Custom check not getting executed - permanent staying as pending

Hello Everyone,

Used Version: check_mk_raw 1.5.0p21
OS: Debian 10 Buster
I am having some problems getting my own check to work.
I have used the following sites to write my check:
(my check is only server side as the check_mk_agent already gives all the information I need)
https://checkmk.de/cms_legacy_devel_agentbased.html
https://www.steinkogler.org/2016/08/21/check-mk-write-your-own-check/

The inventory function works fine, as I can add the service via the website:

The check function also works fine, but only in the Terminal with ‘cmk -nv testhost’:

Check_MK version 1.5.0p21
+ FETCHING DATA
 [agent] Execute data source
 [piggyback] Execute data source
CPU utilization      OK - 0.0% used, user perc: 3.7 %, privileged perc: 3.5 %, 12 CPUs
Disk IO SUMMARY      OK - Read: 0.00 B/s, Write: 0.00 B/s, Average Read Wait: 0.00 ms, Average Write Wait: 0.00 ms, Average Read Queue Length: 0.00, Average Write Queue Length: 0.00
Filesystem C:/       OK - 25.1% used (24.41 of 97.43 GB), trend: +7.93 MB / 24 hours
Filesystem D:/       OK - 0.314% used (2.62 of 832.73 GB), trend: 0.00 B / 24 hours
Filesystem E:/       OK - 89.9% used (16.35 of 18.18 TB), trend: -14.15 GB / 24 hours
Filesystem F:/       OK - 0.0% used (0.00 B of 1.97 MB), trend: 0.00 B / 24 hours
Interface 1          OK - [Intel[R] I350 Gigabit Network Connection] (Connected) 1 Gbit/s, in: 23.53 MB/s(19.7%), out: 902.37 kB/s(0.7%)
Memory and pagefile  OK - Memory usage: 62.6% (4.99 GB/7.97 GB), Commit charge: 14.7% (2.35 GB/15.95 GB)
Posa Processes       OK - 23 - All Processes running 15265.1 MB virtual 2259.8 MB physical
Processor Queue      OK - 15 min load 0.00 at 12 Cores (0.00 per Core)
Services Summary     OK - 128 services, 49 services in autostart - of which 4 services are stopped (Emulex_HBA_Management, hcmagent, sppsvc, upnphost), 0 services stopped but ignored
System Time          OK - Offset is 0 sec (warn/crit at 30/60 sec)
Uptime               OK - Up since Wed Feb 27 13:37:15 2019 (358d 18:37:25)
OK - [agent] Version: 1.5.0p21, OS: windows, execution time 0.2 sec | execution_time=0.210 user_time=0.030 system_time=0.000 children_user_time=0.000 children_system_time=0.000 cmk_time_agent=0.178

For some reason the check never returns any output in the webui and always stays pending:
PEND [Posa Processes]
There should have been a screenshot here but I can only upload one, as I am new here.
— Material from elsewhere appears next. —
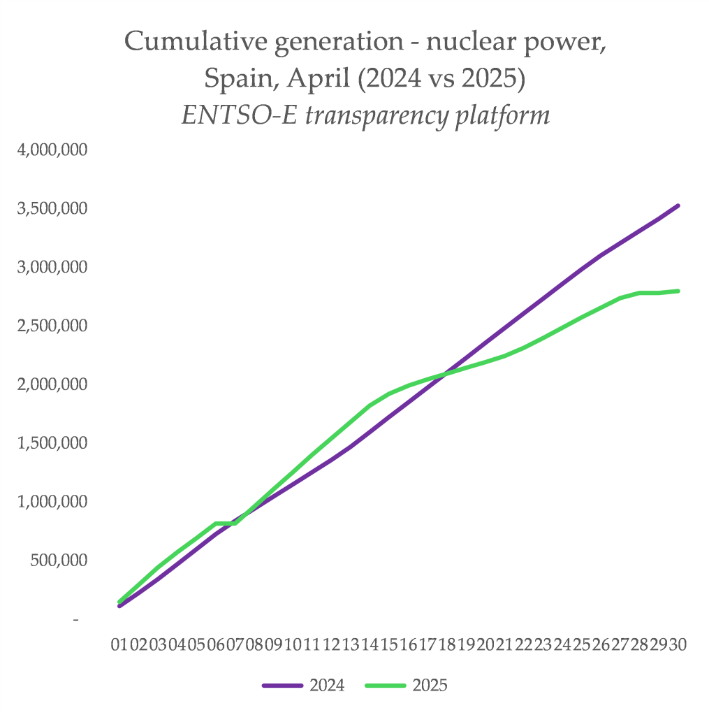 Or, to demonstrate it another way – you can compare April’s nuclear power generation between 2025 and 2024:

Now I think there is a problem with check_mk getting the plugin-output to nagios, as nagios doesn’t recive any plugin-output:

# nagios.log
[1582239600] CURRENT SERVICE STATE: testhost;Check_MK;OK;HARD;1;OK - [agent] Version: 1.5.0p21, OS: windows, execution time 0.4 sec
[1582239600] CURRENT SERVICE STATE: testhost;Check_MK Discovery;UNKNOWN;HARD;1;(null)
[1582239600] CURRENT SERVICE STATE: testhost;Disk IO SUMMARY;OK;HARD;1;OK - Read: 0.00 B/s, Write: 0.00 B/s, Average Read Wait: 0.00 ms, Average Write Wait: 0.00 ms, Average Read Queue Length: 0.00, Average Write Queue Length: 0.00
[1582239600] CURRENT SERVICE STATE: testhost;Filesystem C:/;OK;HARD;1;OK - 29.6% used (23.09 of 78.12 GB), trend: +1.20 MB / 24 hours
[1582239600] CURRENT SERVICE STATE: testhost;Filesystem D:/;OK;HARD;1;OK - 1.18% used (4.56 of 386.50 GB), trend: 0.00 B / 24 hours
[1582239600] CURRENT SERVICE STATE: testhost;Filesystem E:/;OK;HARD;1;OK - 0.0% used (0.00 B of 1.97 MB), trend: 0.00 B / 24 hours
[1582239600] CURRENT SERVICE STATE: testhost;Interface 1;OK;HARD;1;OK - [Intel[R] 82574L Gigabit Network Connection] (Connected) 1 Gbit/s, in: 2.85 MB/s(2.4%), out: 1.99 kB/s(0.0%)
[1582239600] CURRENT SERVICE STATE: testhost;Memory and pagefile;OK;HARD;1;OK - Memory usage: 31.7% (2.54 GB/7.99 GB), Commit charge: 16.6% (2.65 GB/15.98 GB)
[1582239600] CURRENT SERVICE STATE: testhost;Posa Processes;OK;HARD;1;
[1582239600] CURRENT SERVICE STATE: testhost;Processor Queue;OK;HARD;1;OK - 15 min load 0.08 at 8 Cores (0.01 per Core)
[1582239600] CURRENT SERVICE STATE: testhost;Services Summary;OK;HARD;1;OK - 127 services, 45 services in autostart - of which 2 services are stopped (sppsvc, upnphost), 0 services stopped but ignored
[1582239600] CURRENT SERVICE STATE: testhost;System Time;OK;HARD;1;OK - Offset is 0 sec (warn/crit at 30/60 sec)
[1582239600] CURRENT SERVICE STATE: testhost;Uptime;OK;HARD;1;OK - Up since Tue Oct 30 14:30:43 2018 (478d 09:28:28)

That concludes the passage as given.